Dronningensgade is a street in the Christianshavn district of Copenhagen, Denmark, running parallel to Christianshavn Canal one block to the east, from Christianshavn Rampart in the south to Bådsmandsstræde in the north.

History
The history of the street dates back to the foundation of Christianshavn in the early 17th century. The name originally matched that of Kongensgade on the other side of Christianshavn Canal but that street was renamed Wildersgade when Christianshavn was merged with Copenhagen later in the century.

The Danish Film Foundation acquired No. 3 in 1965. The building was used for administration, Denmark's first film school and museum activities.

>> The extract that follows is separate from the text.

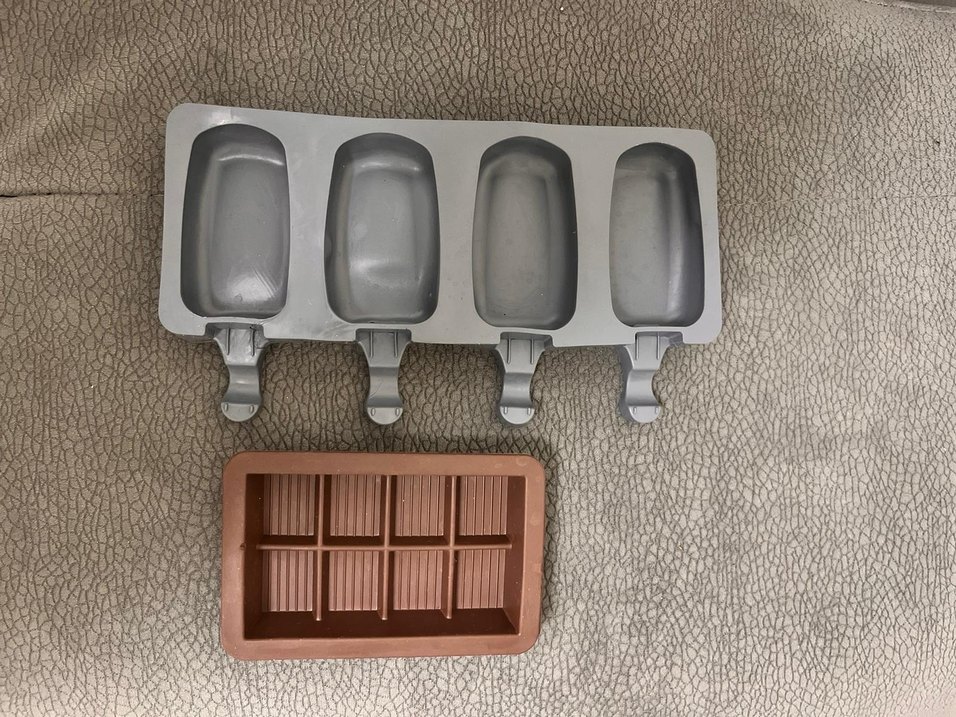 Dört gözlü gri dondurma kalıbı ve sekiz bölmeli kahverengi çikolata kalıbı seti, kolay kullanım için uygundur. Hiçbir kusurları yoktur
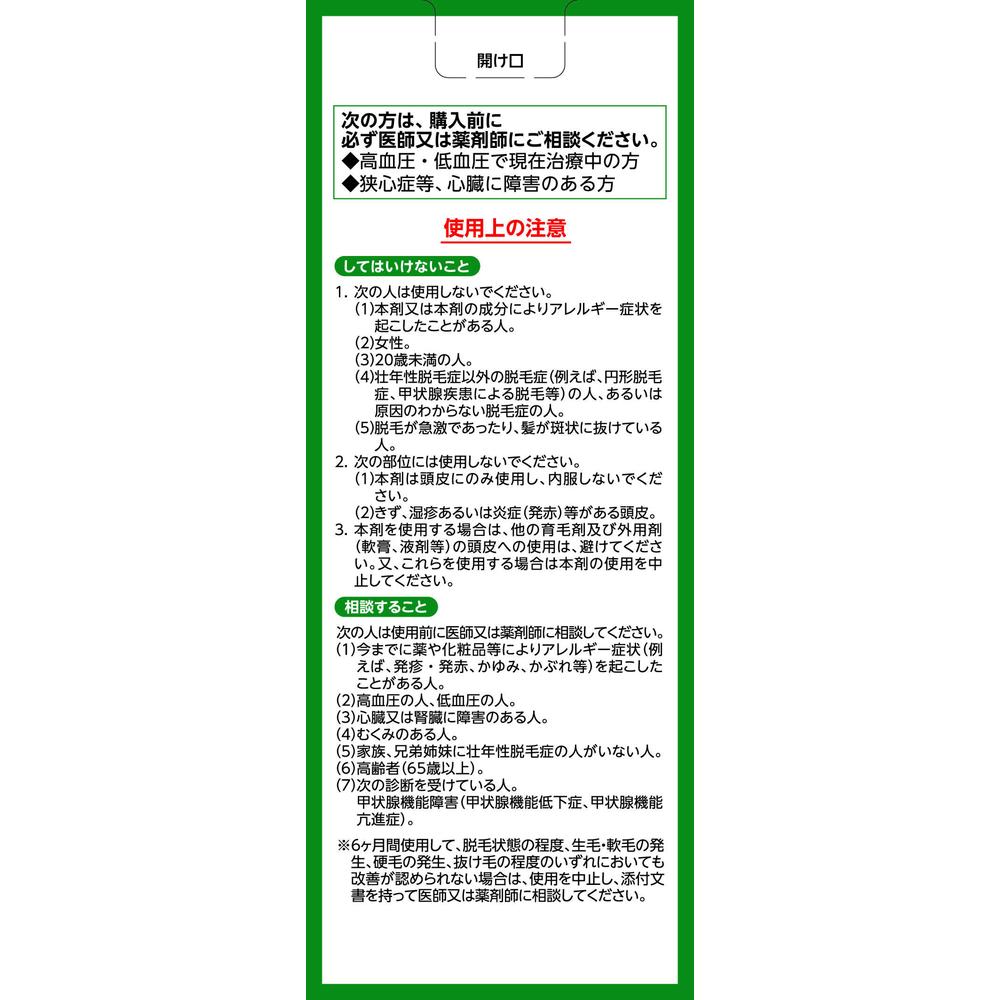 4.使用開始後6ヵ月以内であっても、脱毛状態の悪化や、次のような脱毛が見られた場合は、使用を中止し、この説明書を持って医師又は薬剤師に相談してください

This lasted until the opening of the Danish Film Institute in Gothersgade.

Buildings
No. 3 was built in 1848 and was a combined forge and iron foundry. The chimney was added in 1860 and extended in 1861. In 1900, the ground floor was converted into a shop while the first floor became a residence.

No. 67 was built in 1778 as a school for poor children. The roof was adapted into a Mansard roof in  1898. In 1913, it was converted into a girls' school, Christianshavns Døttreskole (English: Christianshavn Daughters' School).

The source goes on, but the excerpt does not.